Excerpted data Start Marker

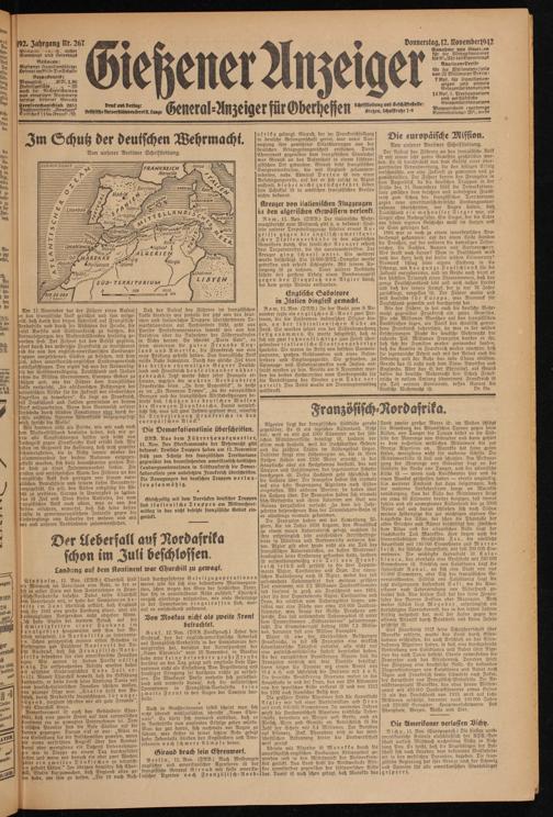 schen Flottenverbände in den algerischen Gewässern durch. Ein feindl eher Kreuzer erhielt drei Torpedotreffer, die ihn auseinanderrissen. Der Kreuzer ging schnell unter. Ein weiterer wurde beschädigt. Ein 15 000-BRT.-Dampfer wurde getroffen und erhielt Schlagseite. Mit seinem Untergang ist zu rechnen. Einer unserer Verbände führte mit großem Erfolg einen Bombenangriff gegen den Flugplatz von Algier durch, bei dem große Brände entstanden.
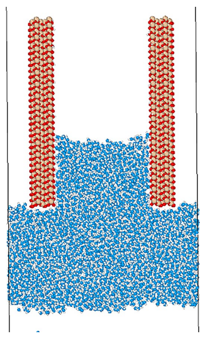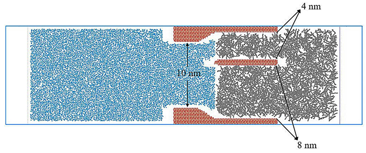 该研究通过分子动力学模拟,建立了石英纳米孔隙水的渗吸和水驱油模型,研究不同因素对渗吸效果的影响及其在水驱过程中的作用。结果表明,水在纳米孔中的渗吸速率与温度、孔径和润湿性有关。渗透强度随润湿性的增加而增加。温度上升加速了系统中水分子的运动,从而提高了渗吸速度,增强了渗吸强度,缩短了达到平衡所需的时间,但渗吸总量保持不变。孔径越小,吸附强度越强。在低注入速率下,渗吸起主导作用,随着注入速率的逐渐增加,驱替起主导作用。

Excerpted data End Marker
Excerpted data Start Marker

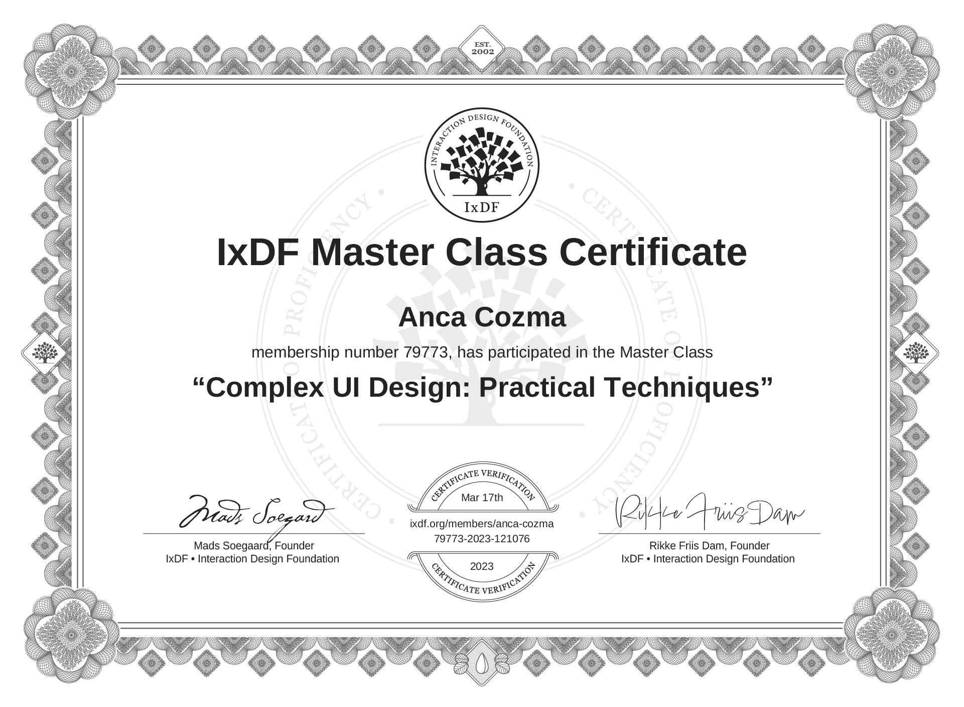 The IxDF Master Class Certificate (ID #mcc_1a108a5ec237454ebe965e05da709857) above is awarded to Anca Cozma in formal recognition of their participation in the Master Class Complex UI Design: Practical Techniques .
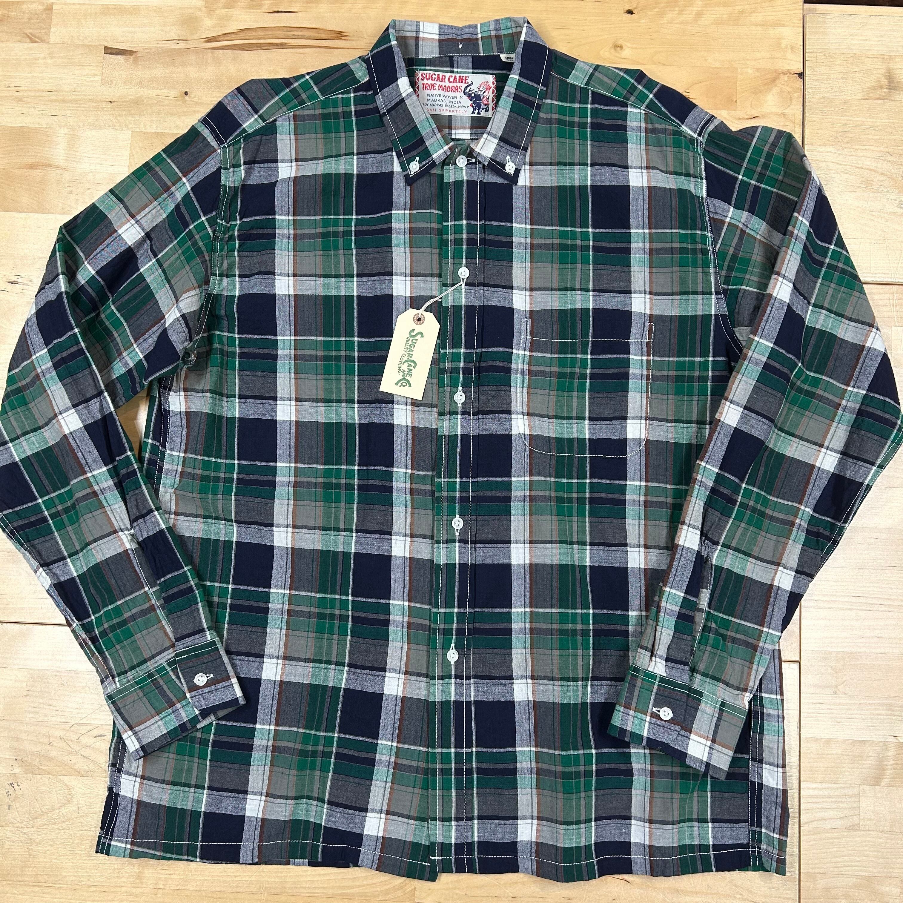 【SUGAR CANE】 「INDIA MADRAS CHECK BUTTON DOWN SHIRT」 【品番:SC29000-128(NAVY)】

Excerpted data End Marker

§ **Task to carry out**
Looking above, find the stretch of lines that opens with the one holding "schen Flottenverbände in" and closes with the one holding "该研究通过分子动力学模拟,建". Copy it exactly, pictures excluded.

§ **Response for this exercise**
 schen Flottenverbände in den algerischen Gewässern durch. Ein feindl eher Kreuzer erhielt drei Torpedotreffer, die ihn auseinanderrissen. Der Kreuzer ging schnell unter. Ein weiterer wurde beschädigt. Ein 15 000-BRT.-Dampfer wurde getroffen und erhielt Schlagseite. Mit seinem Untergang ist zu rechnen. Einer unserer Verbände führte mit großem Erfolg einen Bombenangriff gegen den Flugplatz von Algier durch, bei dem große Brände entstanden.
 该研究通过分子动力学模拟,建立了石英纳米孔隙水的渗吸和水驱油模型,研究不同因素对渗吸效果的影响及其在水驱过程中的作用。结果表明,水在纳米孔中的渗吸速率与温度、孔径和润湿性有关。渗透强度随润湿性的增加而增加。温度上升加速了系统中水分子的运动,从而提高了渗吸速度,增强了渗吸强度,缩短了达到平衡所需的时间,但渗吸总量保持不变。孔径越小,吸附强度越强。在低注入速率下,渗吸起主导作用,随着注入速率的逐渐增加,驱替起主导作用。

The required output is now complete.